Posted on 5:00 AM by Unknown

Lots of things have changed since last I saw Kay Scarpetta. In Patricia Cornwell’s Port Mortuary, Kay is married to Benton, an FBI agent, Marino is still his offish self, and Lucy owns a helicopter and seems to being black ops for the FBI. She is  now living in Cambridge, Massachusetts and is at the Cambridge Forensic Center (CFC). Kay is in the middle of things as always. As she is whisked away from Dover AFB to Cambridge the intrigue begins with a bizarre murder near her home, a child’s death, and incompetence at all levels. Just another day in the life of Kay Scarpetta. We are introduced to interesting weapons, UGV’s (Unmanned ground vehicles) nail guns, other interesting vehicles, and coincidences. The six degrees of separation are common in this sleep deprived story.
Speaking of the six degrees, when Lucy says to her aunt about Marino: “It’s not about trust. It’s about acknowledging limitations.” (page 77) That struck as I had just been reading about that was mentioned in The Visioneers and how the technology of this story reminds me of the technology in that story. As Kay is contemplating her round building and thinking of Buckminster Fuller she is thinking about he would like her building but “I don’t agree with his belief that technology can save us. Certainly, it isn’t making us more civilized, and I actually think the opposite is true.” (page 181). This is interesting after seeing how the technology actually did help us as we learned in Across Atlantic Ice and again in The Visioneers. And of course how she and Lucy work the technology in this story and reminisce about that trip they took to London to see a da Vinci exhibit at the Courtauld, an exhibit a dead man found in Norton’s Woods may have been to as well. At a previous CNN appearance the interviewer said, “Autobotsies.” To which Kay responded, “I beg your pardon.” “Robotic autopsies. Someday they’ll take your place.” Perhaps being clairvoyant  in 2010 because in the March Atlantic Monthly read all about it in “The Robot will see you now, Is your doctor becoming obsolete?” We learn that tinkering, the hot topic of The Tinkerersand The Visioneers, can also get you killed. Lots of nanotechnology yak yak too. Not coincidences, but the six degrees of separation seem to engulf us all.

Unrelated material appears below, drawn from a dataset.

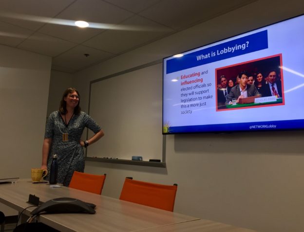 “Unlike Erin, I had been on a few lobby visits prior to beginning my work here at NETWORK. The first time I went on a lobby visit was as a college student after attending the Ignatian Family Teach-In when I myself was first trained by a NETWORK staff member on how to lobby, almost five years ago. I vividly remember how excited and equipped I felt after completing my first training and attending my first lobby visit. Realizing now that Erin and I have trained almost 100 high school students, and equipped them with these same skills, has been incredibly rewarding. We all have the ability to lobby and advocate our elected officials on issues that matter to us. As constituents, our Members of Congress work for us. NETWORK’s “How to Lobby” training helps to answer the questions that can make lobbying seem scary.”
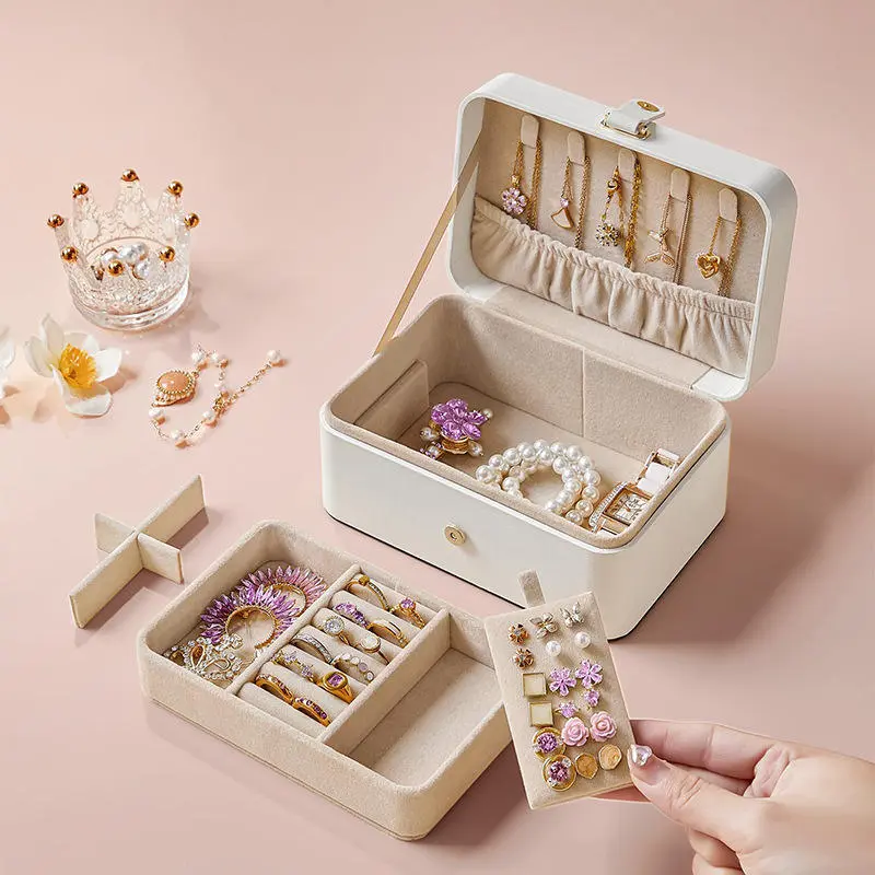 Slimme Indeling: 2-laags capaciteit met handige vakverdeling voor alle soorten sieraden.

Cornwell did commit one of the most egregious sins in this story(page 428). She used the oft misquote of Emerson to try to make a point and blew it. The mistake is to omit the word “foolish.” Emerson said, "A foolish consistency is the hobgoblin of little minds." Oftentimes people forget to use the word “foolish” when they want to use this excellent quote but for the wrong reason. By simply forgetting “foolish” it makes consistency a bad thing, whereas consistency isn’t bad, it is “foolish” consistency that is bad and there is a huge difference.